Exercise objective: Could you write out, exactly, every line from the top of the data through the line holding "Palestinian activist, Mahmoud"? Omit the pictures.

Information shown:
──────────

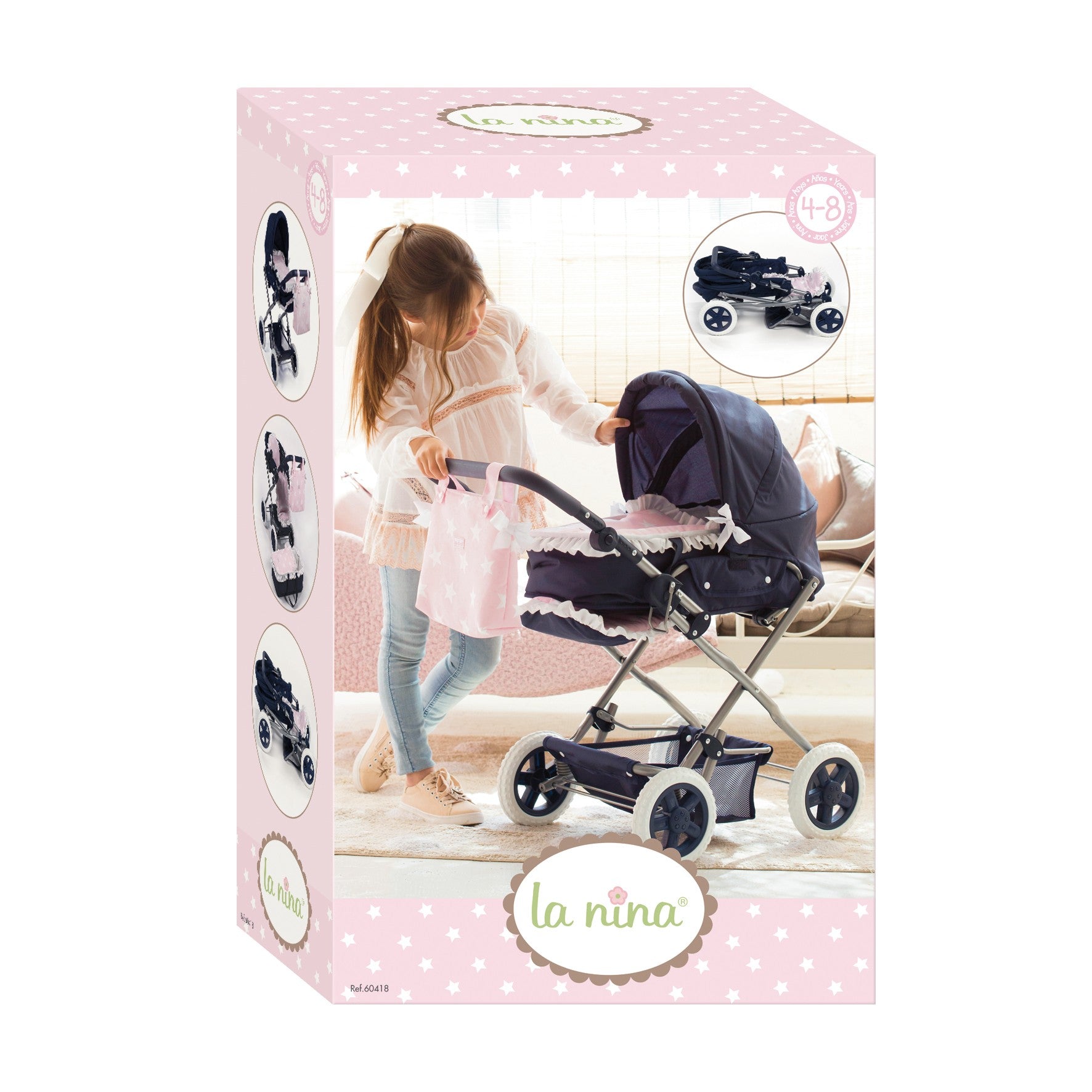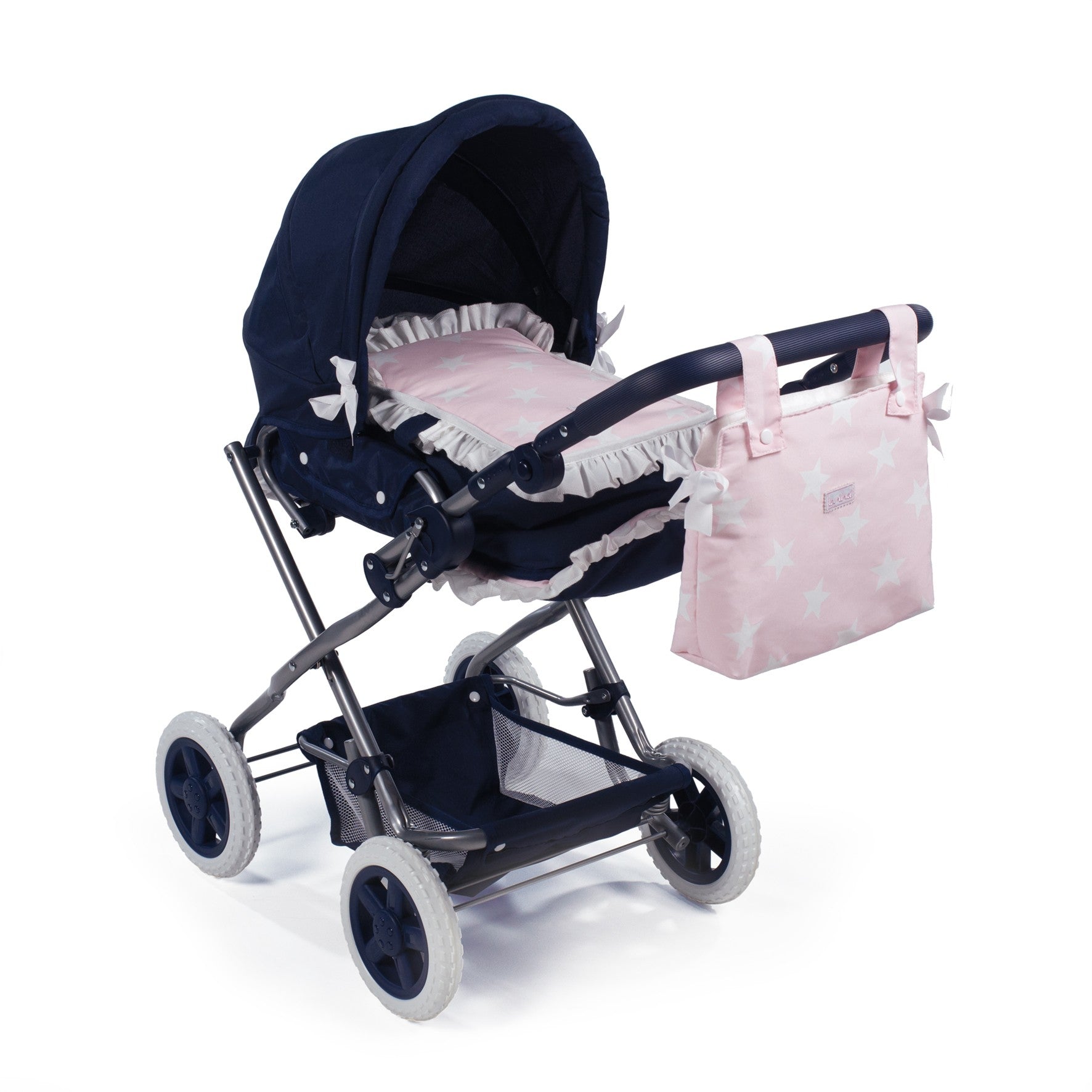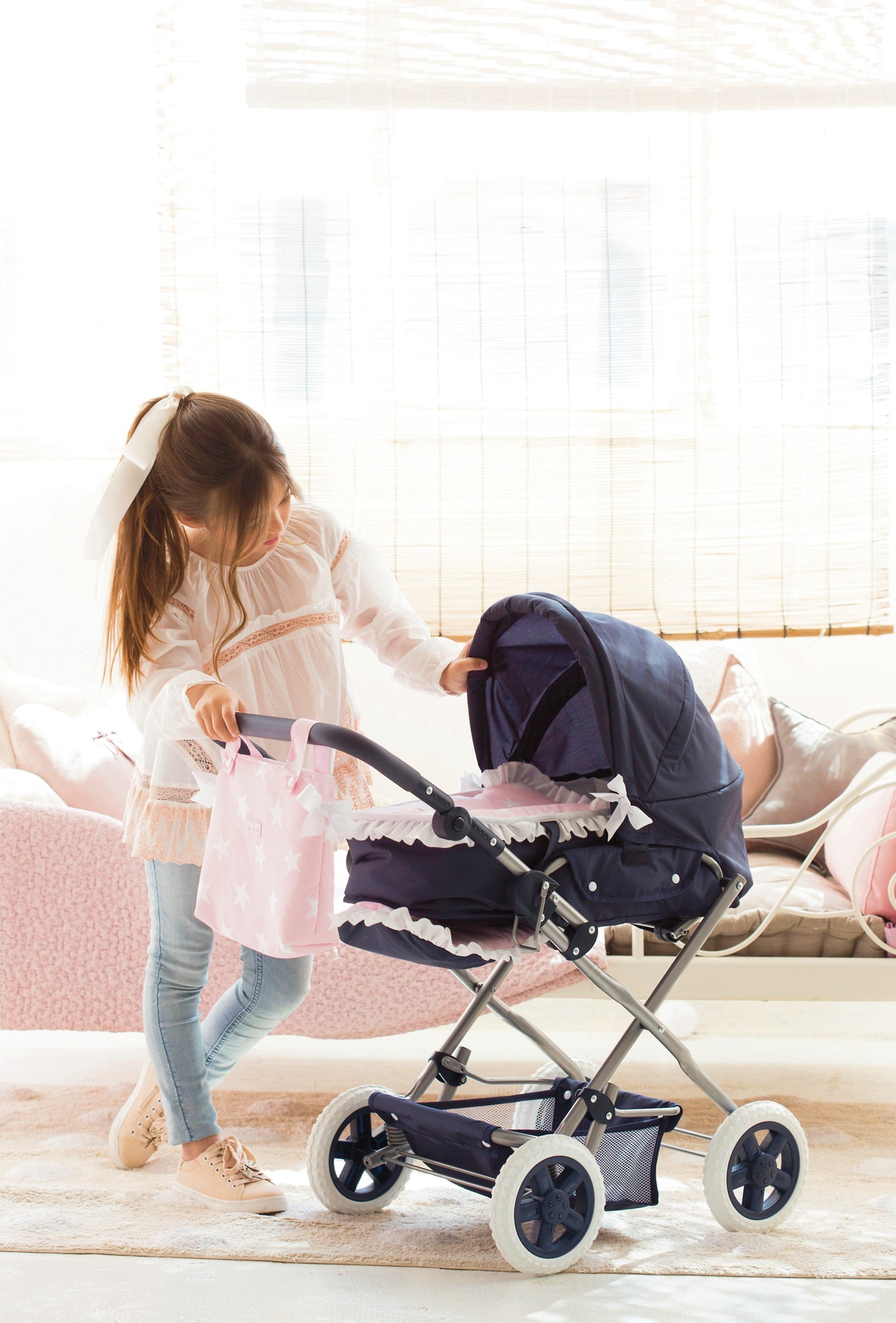 Cochecito para muñecas Carlota que puede ser cuco o sillita, con mango regulable para adaptar el cochecito mientras creces, puedes usarlo de los 4 a los 8 años. Ideal para muñecas de 36 a 52 cm. Combina tela azul marino con estrellas rosa. Incluye bolsa canastilla para llevar todos los accesorios de las muñecas así como cesto de la compra. Plegable, ocupa poco espacio, fácil montaje. Acabados de calidad, solida y estable. Juguete de imitación.
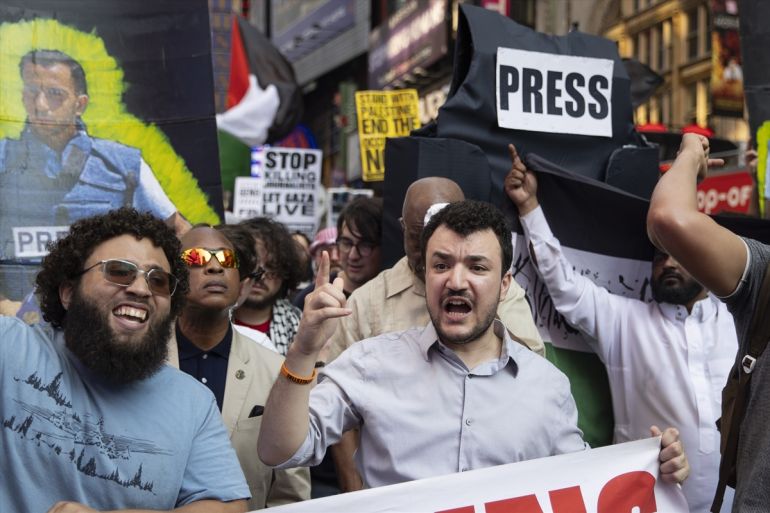 Palestinian activist, Mahmoud Khalil takes part in ‘Stop Starving Gaza’ march in New York to protest the killing of journalists in Palestine by Israeli forces August 16, 2025 [File: Mostafa Bassim/Anadolu]
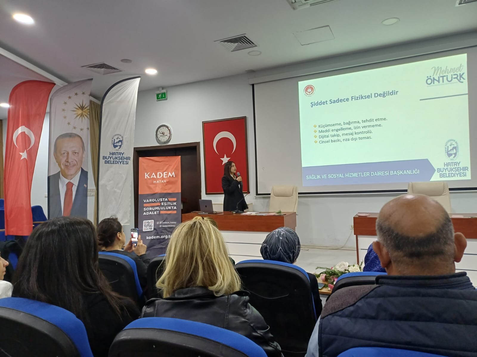 Büyükşehir Belediyesi uzman psikologları şiddet döngüsü ve etkilerini, KADEM İl Müftülüğü temsilcileri din açıdan şiddet sorununu, KADEM’in avukatı ise şiddetin hukuksal karşılığını ve başvuru süreçlerini aktardı.

──────────

Answer section:
 Cochecito para muñecas Carlota que puede ser cuco o sillita, con mango regulable para adaptar el cochecito mientras creces, puedes usarlo de los 4 a los 8 años. Ideal para muñecas de 36 a 52 cm. Combina tela azul marino con estrellas rosa. Incluye bolsa canastilla para llevar todos los accesorios de las muñecas así como cesto de la compra. Plegable, ocupa poco espacio, fácil montaje. Acabados de calidad, solida y estable. Juguete de imitación.
 Palestinian activist, Mahmoud Khalil takes part in ‘Stop Starving Gaza’ march in New York to protest the killing of journalists in Palestine by Israeli forces August 16, 2025 [File: Mostafa Bassim/Anadolu]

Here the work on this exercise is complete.